I am trying to tune Wav2Vec2 Model with a dataset on my local device using my CPU (I don’t have a GPU or Google Colab pro), I am using this as my reference. When I try to execute

from transformers import TrainingArguments

training_args = TrainingArguments(
  # output_dir="/content/gdrive/MyDrive/wav2vec2-base-timit-demo",
  output_dir="./wav2vec2-medical",
  group_by_length=True,
  per_device_train_batch_size=32,
  evaluation_strategy="steps",
  num_train_epochs=30,
  fp16=True,
  save_steps=500,
  eval_steps=500,
  logging_steps=500,
  learning_rate=1e-4,
  weight_decay=0.005,
  warmup_steps=1000,
  save_total_limit=2,
)

I am getting following error:


---------------------------------------------------------------------------
ValueError                                Traceback (most recent call last)
<ipython-input-26-f9014a6221db> in <module>
      1 from transformers import TrainingArguments
      2 
----> 3 training_args = TrainingArguments(
      4   # output_dir="/content/gdrive/MyDrive/wav2vec2-base-timit-demo",
      5   output_dir="./wav2vec2-medical",

~/Library/Python/3.8/lib/python/site-packages/transformers/training_args.py in __init__(self, output_dir, overwrite_output_dir, do_train, do_eval, do_predict, evaluation_strategy, prediction_loss_only, per_device_train_batch_size, per_device_eval_batch_size, per_gpu_train_batch_size, per_gpu_eval_batch_size, gradient_accumulation_steps, eval_accumulation_steps, learning_rate, weight_decay, adam_beta1, adam_beta2, adam_epsilon, max_grad_norm, num_train_epochs, max_steps, lr_scheduler_type, warmup_ratio, warmup_steps, logging_dir, logging_strategy, logging_first_step, logging_steps, save_strategy, save_steps, save_total_limit, no_cuda, seed, fp16, fp16_opt_level, fp16_backend, fp16_full_eval, local_rank, tpu_num_cores, tpu_metrics_debug, debug, dataloader_drop_last, eval_steps, dataloader_num_workers, past_index, run_name, disable_tqdm, remove_unused_columns, label_names, load_best_model_at_end, metric_for_best_model, greater_is_better, ignore_data_skip, sharded_ddp, deepspeed, label_smoothing_factor, adafactor, group_by_length, length_column_name, report_to, ddp_find_unused_parameters, dataloader_pin_memory, skip_memory_metrics, use_legacy_prediction_loop, push_to_hub, resume_from_checkpoint, mp_parameters)

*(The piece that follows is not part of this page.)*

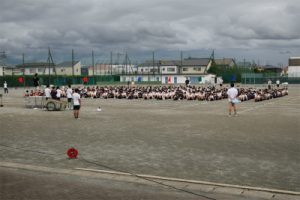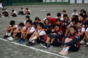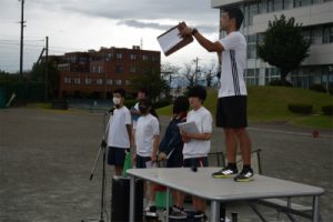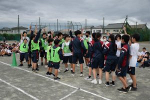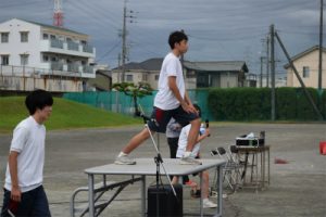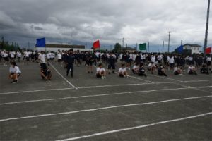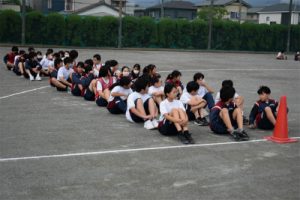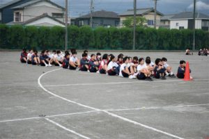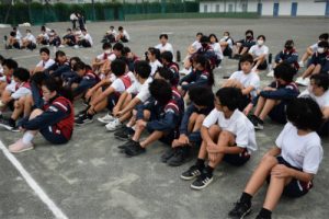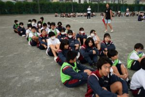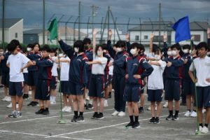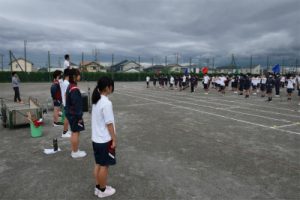 9/29(月)の1時間目に学校祭に向けて全校練習を行いました。開閉会式や準備体操、一部競技の招集と顔合わせをしました。素早く整列したリ、招集と退場をしたりする姿がありました。

~/Library/Python/3.8/lib/python/site-packages/transformers/training_args.py in __post_init__(self)
    609 
    610         if is_torch_available() and self.device.type != "cuda" and (self.fp16 or self.fp16_full_eval):
--> 611             raise ValueError(
    612                 "Mixed precision training with AMP or APEX (`--fp16`) and FP16 evaluation can only be used on CUDA devices."
    613             )

ValueError: Mixed precision training with AMP or APEX (`--fp16`) and FP16 evaluation can only be used on CUDA devices.

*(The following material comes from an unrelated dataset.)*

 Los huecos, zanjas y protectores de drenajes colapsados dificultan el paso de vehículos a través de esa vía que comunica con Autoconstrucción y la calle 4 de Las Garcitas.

I understand that the error is because I am not using a GPU, as mixed precision can not be carried out without a GPU. I want to run it on my CPU, how can I resolve the error

sgugger · June 17, 2021, 12:10pm

You should remove fp16=True then.

ayushmehta · June 28, 2021, 5:01am

Issue solved, thank you for replying

NikhilKhodake · March 8, 2023, 5:09am

how?? Have you removed fp16=True ?? or you have made some other changes?

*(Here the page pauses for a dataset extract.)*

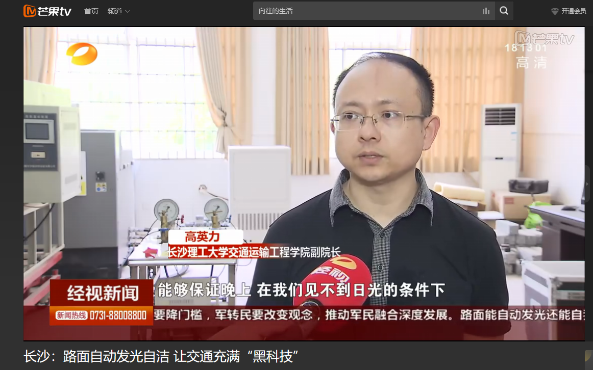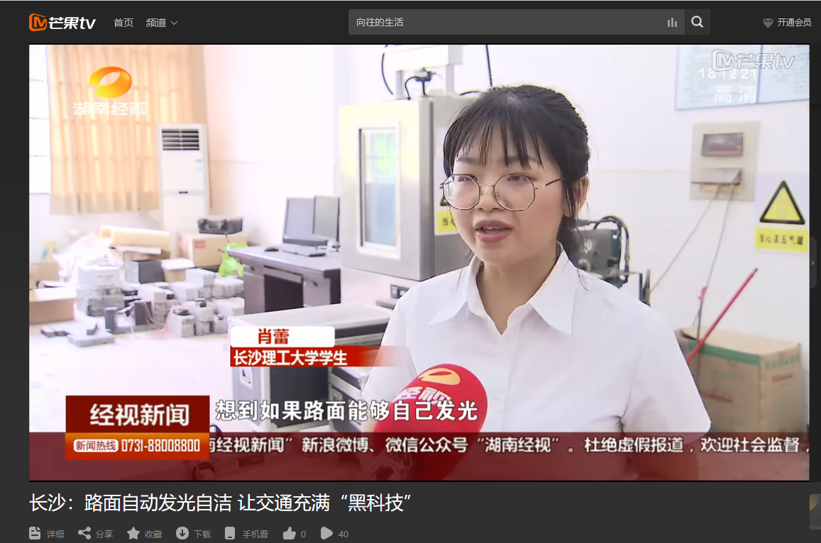 湖南经视5月19日经视联播对开云官网举办的第十三届全国大学生交通科技大赛赛事进行了报道。其中,高英力教授指导,曹韩硕、李欢、袁江、郑策策、肖蕾参与研发的《“自发光—可自洁”智能仿生水泥路面》,受到湖南经视的特别关注进行了跟踪报道。项目从发光标志牌受到启发,运用长余辉发光材料使路面具备自发光的性能,使路面自己发光,对夜间行驶的驾驶员起到警示作用,同时智能仿生水泥运用超疏水材料使路面具备自洁性能和防覆冰效果,有较强的应用价值,最终项目获得第十三届全国大学生交通科技大赛二等奖。

indrasary · May 31, 2023, 12:03am

I change the fp16 parameter to become False, but the consequence is the training process took much longer time…

happywill · July 22, 2023, 3:48am

Me too. Is there any other way?

happywill · July 22, 2023, 3:55am

It’s settled. It’s because I’m not in a cuda environment. You need to execute the command conda activate ‘your environment’

martinwunderlich · July 25, 2023, 7:31am

I got the same error running on a Macbook Pro with M1 CPU. Here the device is “mps”, not “cuda”. I presume that’s the root cause for the error. The device is correctly set up, but doesn’t seem to be supported by PyTorch, yet. There is a discussion around this here:

github.com/huggingface/transformers

TrainingArguments does not support `mps` device (Mac M1 GPU)

opened 06:55PM - 30 Jun 22 UTC

closed 11:04AM - 16 Aug 22 UTC

saattrupdan

bug

### System Info - `transformers` version: 4.21.0.dev0 - Platform: macOS-12.4-a…rm64-arm-64bit - Python version: 3.8.9 - Huggingface_hub version: 0.8.1 - PyTorch version (GPU?): 1.12.0 (False) - Tensorflow version (GPU?): not installed (NA) - Flax version (CPU?/GPU?/TPU?): not installed (NA) - Jax version: not installed - JaxLib version: not installed - Using GPU in script?: yes - Using distributed or parallel set-up in script?: no ### Who can help? @sgugger ### Information - [X] The official example scripts - [ ] My own modified scripts ### Tasks - [X] An officially supported task in the `examples` folder (such as GLUE/SQuAD, ...) - [ ] My own task or dataset (give details below) ### Reproduction ```bash export TASK_NAME=wnli python run_glue.py \ --model_name_or_path bert-base-cased \ --task_name $TASK_NAME \ --do_train \ --do_eval \ --max_seq_length 128 \ --per_device_train_batch_size 32 \ --learning_rate 2e-5 \ --num_train_epochs 3 \ --output_dir /tmp/$TASK_NAME/ ``` ### Expected behavior When running the `Trainer.train` on a machine with an MPS GPU, it still just uses the CPU. I expected it to use the MPS GPU. This is supported by `torch` in the newest version 1.12.0, and we can check if the MPS GPU is available using `torch.backends.mps.is_available()`. It seems like the issue lies in the [`TrainingArguments._setup_devices` method](https://github.com/huggingface/transformers/blob/49cd736a288a315d741e5c337790effa4c9fa689/src/transformers/training_args.py#L1266), which doesn't appear to allow for the case where `device = "mps"`.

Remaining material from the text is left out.